Given records:
· · · ·
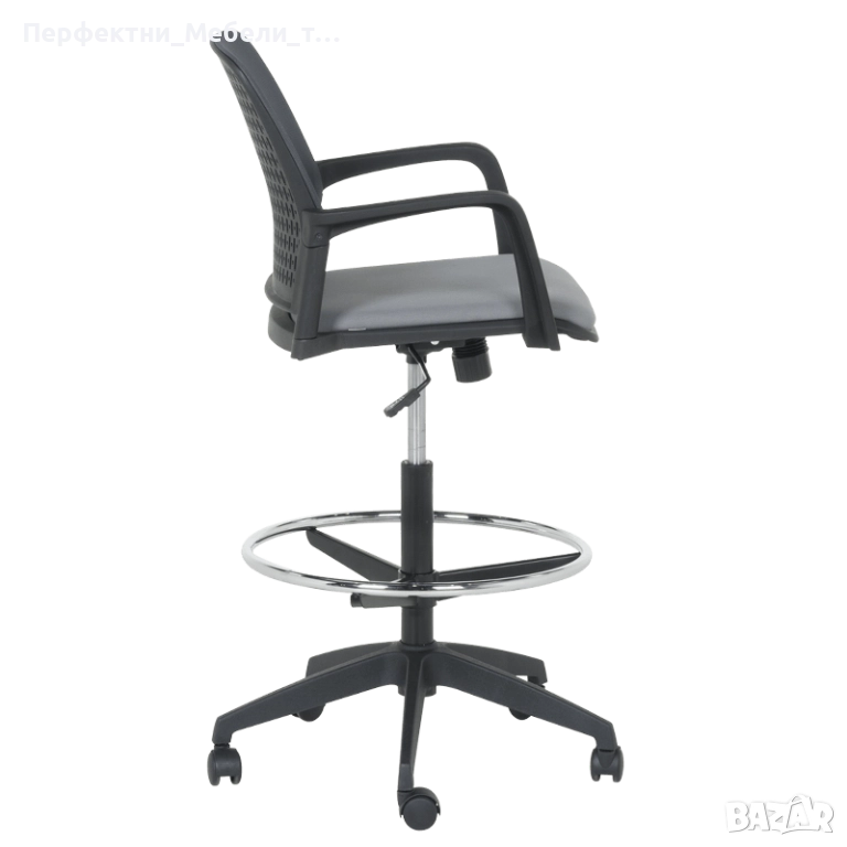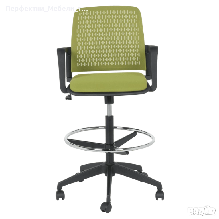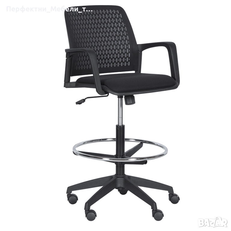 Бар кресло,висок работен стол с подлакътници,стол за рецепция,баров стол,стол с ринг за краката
· · · ·
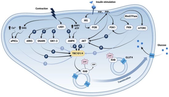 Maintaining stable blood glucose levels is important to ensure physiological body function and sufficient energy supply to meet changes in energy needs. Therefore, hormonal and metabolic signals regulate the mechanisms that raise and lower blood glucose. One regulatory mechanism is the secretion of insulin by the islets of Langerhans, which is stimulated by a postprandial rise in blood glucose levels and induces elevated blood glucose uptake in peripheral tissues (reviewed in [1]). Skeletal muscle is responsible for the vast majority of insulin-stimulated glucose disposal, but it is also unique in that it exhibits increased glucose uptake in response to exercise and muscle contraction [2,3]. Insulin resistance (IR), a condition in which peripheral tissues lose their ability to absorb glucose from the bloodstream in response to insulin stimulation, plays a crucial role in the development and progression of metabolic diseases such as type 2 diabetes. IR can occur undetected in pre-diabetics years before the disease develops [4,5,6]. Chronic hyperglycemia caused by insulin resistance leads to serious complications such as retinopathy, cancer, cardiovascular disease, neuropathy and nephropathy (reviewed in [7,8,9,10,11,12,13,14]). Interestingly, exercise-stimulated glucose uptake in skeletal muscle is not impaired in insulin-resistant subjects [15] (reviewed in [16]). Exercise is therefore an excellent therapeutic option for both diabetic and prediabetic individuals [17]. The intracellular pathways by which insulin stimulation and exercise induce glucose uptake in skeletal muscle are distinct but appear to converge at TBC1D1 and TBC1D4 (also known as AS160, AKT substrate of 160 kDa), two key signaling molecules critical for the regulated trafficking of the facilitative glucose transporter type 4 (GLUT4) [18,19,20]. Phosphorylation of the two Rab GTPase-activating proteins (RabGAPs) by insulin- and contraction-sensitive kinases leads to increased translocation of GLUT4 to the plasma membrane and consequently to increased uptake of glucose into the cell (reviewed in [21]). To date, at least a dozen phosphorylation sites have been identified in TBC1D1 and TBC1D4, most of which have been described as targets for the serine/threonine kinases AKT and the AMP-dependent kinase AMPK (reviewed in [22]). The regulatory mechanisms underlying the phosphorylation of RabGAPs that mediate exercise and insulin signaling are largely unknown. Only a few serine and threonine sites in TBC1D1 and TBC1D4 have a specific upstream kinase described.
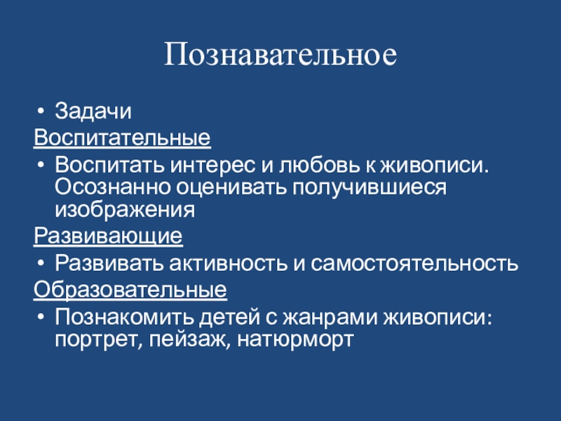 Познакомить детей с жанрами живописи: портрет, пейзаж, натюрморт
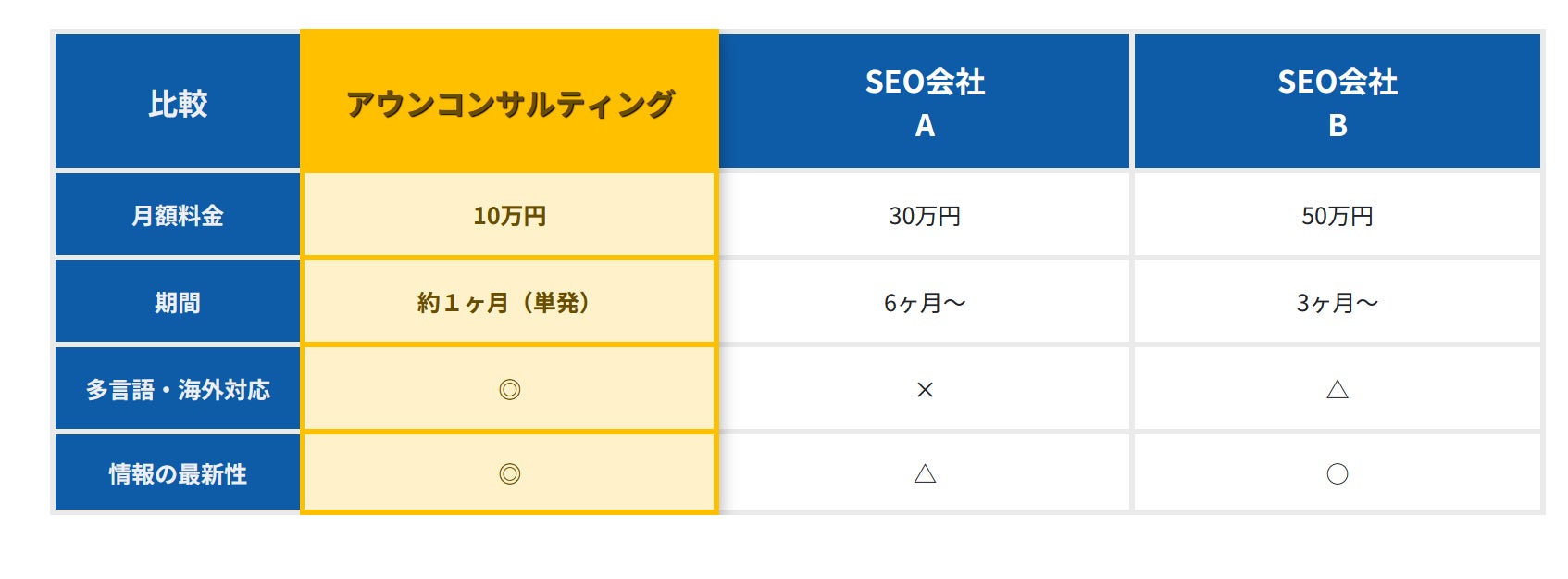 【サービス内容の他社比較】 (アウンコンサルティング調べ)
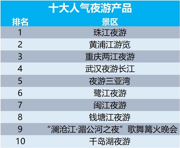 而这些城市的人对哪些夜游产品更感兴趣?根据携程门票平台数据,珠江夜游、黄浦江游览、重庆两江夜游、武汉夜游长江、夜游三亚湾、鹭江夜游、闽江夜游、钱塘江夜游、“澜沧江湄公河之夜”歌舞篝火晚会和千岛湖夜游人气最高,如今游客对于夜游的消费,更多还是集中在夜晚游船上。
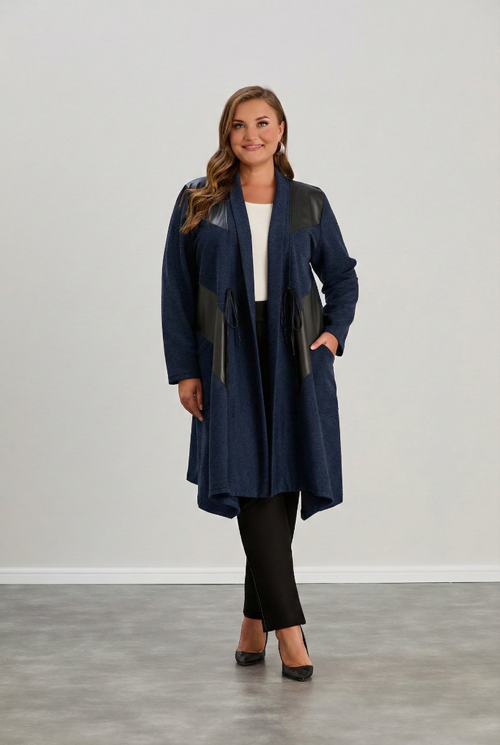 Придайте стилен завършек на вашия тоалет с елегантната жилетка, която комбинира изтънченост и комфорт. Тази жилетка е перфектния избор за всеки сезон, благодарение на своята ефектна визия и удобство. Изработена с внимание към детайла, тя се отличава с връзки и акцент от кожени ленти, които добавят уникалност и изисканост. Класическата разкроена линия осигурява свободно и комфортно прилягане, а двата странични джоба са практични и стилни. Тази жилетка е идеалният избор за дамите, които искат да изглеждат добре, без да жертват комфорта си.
· · · ·
Task to complete: Although the records above contain pictures, the copy should not; retype exactly the lines from the one containing "Познакомить детей с" through the one containing "而这些城市的人对哪些夜游产品".

Answer section:
 Познакомить детей с жанрами живописи: портрет, пейзаж, натюрморт
 【サービス内容の他社比較】 (アウンコンサルティング調べ)
 而这些城市的人对哪些夜游产品更感兴趣?根据携程门票平台数据,珠江夜游、黄浦江游览、重庆两江夜游、武汉夜游长江、夜游三亚湾、鹭江夜游、闽江夜游、钱塘江夜游、“澜沧江湄公河之夜”歌舞篝火晚会和千岛湖夜游人气最高,如今游客对于夜游的消费,更多还是集中在夜晚游船上。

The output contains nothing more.